Reputation: 42434
Under the following environment: Apache -> mod_wsgi -> python -> werkzeug
How can I control whether http ckunking is used and how big the chunks are?
Follow-up:
What I worry about is the difference between this:
response = werkzeug.wrappers.Response()
response.response = very_long_string
return response
and this:
response = werkzeug.wrappers.Response()
response.response = [ very_long_string ]
return response
In the first case, werkzeug iterates through the string and sends one character at a time. I don't know if each character is sent in its own chunk or not, but I know for a fact that it's way slower than the second case in which the string is sent as a whole.
Is the difference in speed between these two cases due to chunking? or it's something else?
Upvotes: 0
Views: 934
Reputation: 156158
In general, wsgi specifies that data should be sent to the client, without buffering, as soon as the application produces any portion of the response content; ie, if you do:
CONTENT = "a bit more content\n"
def my_slow_application(environ, start_response):
start_response("200 OK", [("Content-Type", "text/plain")])
yield CONTENT
sleep(1)
Notably, without a Content-Length
header, the gateway (apache/mod_wsgi in your case) is not able to guess that it has found all of the response content, and since it's not permitted to buffer, it must use the chunked transfer encoding.

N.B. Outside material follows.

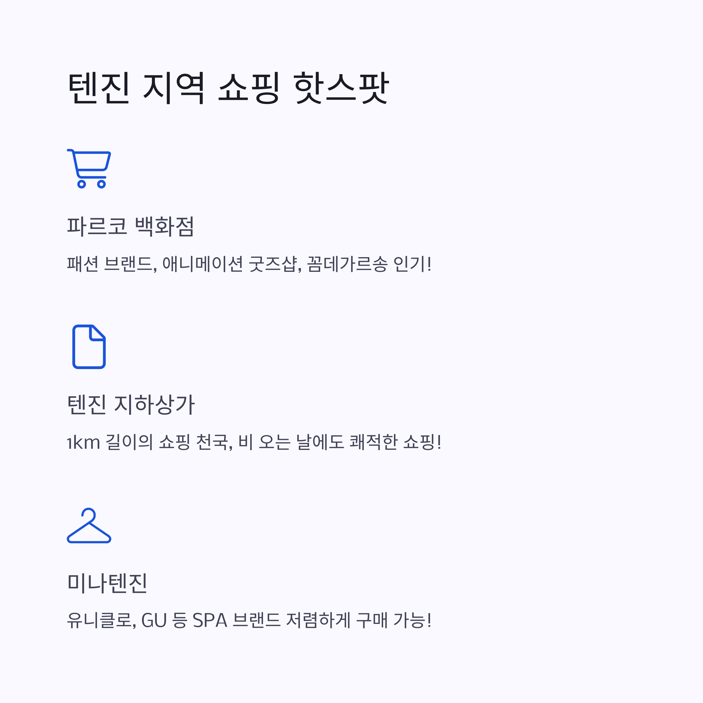 텐진 지역: 트렌디 쇼퍼들의 성지

On the other hand, consider:
def my_slowish_application(environ, start_response):
start_response("200 OK", [("Content-Type", "text/plain"),
("Content-Length", str(len(CONTENT))])
yield CONTENT
sleep(1)
since the application has specified a content length, and since the first yield
ed chunk is exactly that length, the gateway knows that no more data will come; it may or may not use chunked encoding, at its own discretion. Likewise
def my_fast_application(environ, start_response):
start_response("200 OK", [("Content-Type", "text/plain")])
return [CONTENT] * 100
generally won't result in chunking; the response is a list, which has bounded size, so the gateway knows it has the whole response. It can find the content length even without an explicit header from the application using sum(map(len, app_iter))

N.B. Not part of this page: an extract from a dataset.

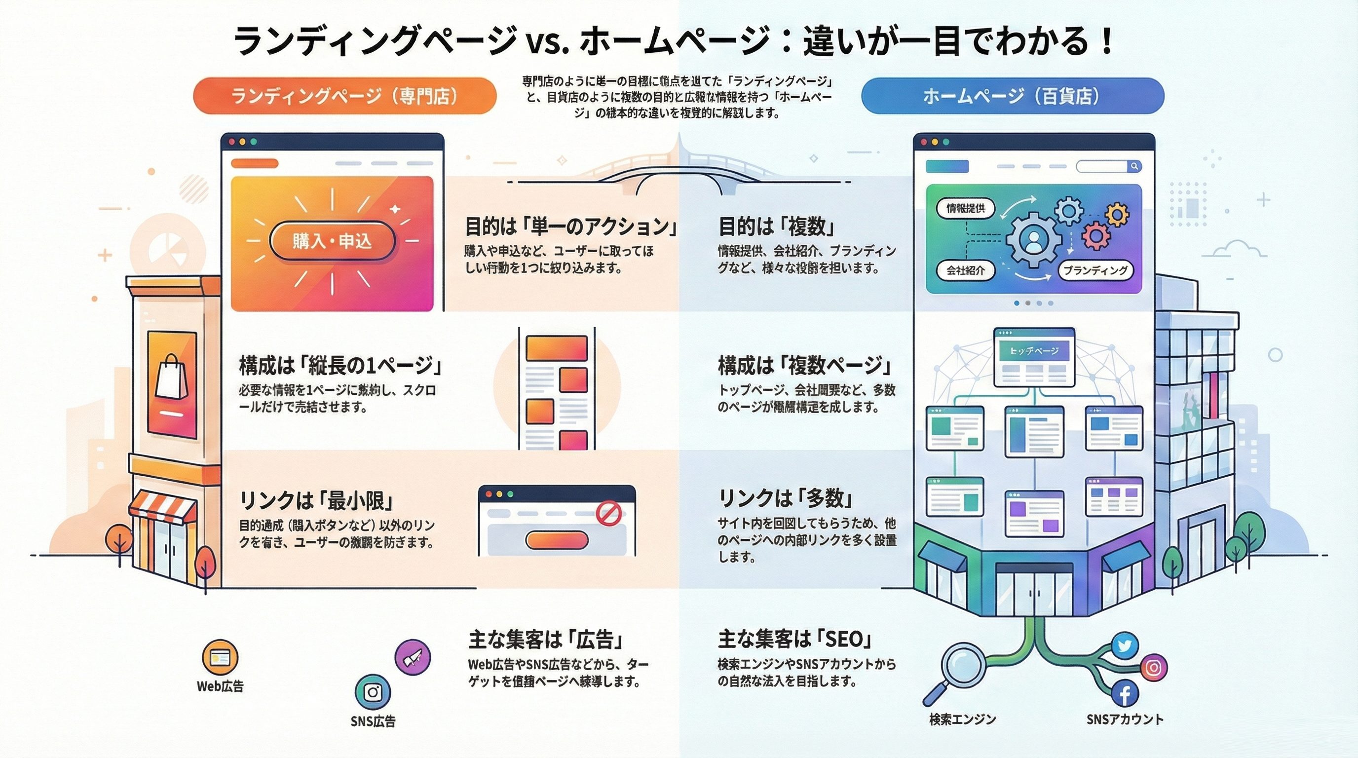 | 目的 | 購入・申込など1つのアクションに絞られる | 情報提供、ブランディングなど複数の目的を持つ |

, and then send the response as fast as the network permits.
As for controlling how "big" the chunks are, the gateway might buffer chunks if the client connection is blocked; your app might
yield "foo"
sleep(1)
yield "bar"
sleep(1)
yield "baz"
but if the client connection blocks while processing the "foo" chunk, the gateway might buffer bar and baz together, sending them as a single chunk when the connection becomes ready for reads again. In short, you can't control the chunking, you might force it to occur, and you can frequently prevent it from occurring (most gateways won't chunk if they don't have to); but it's not suitable for framing.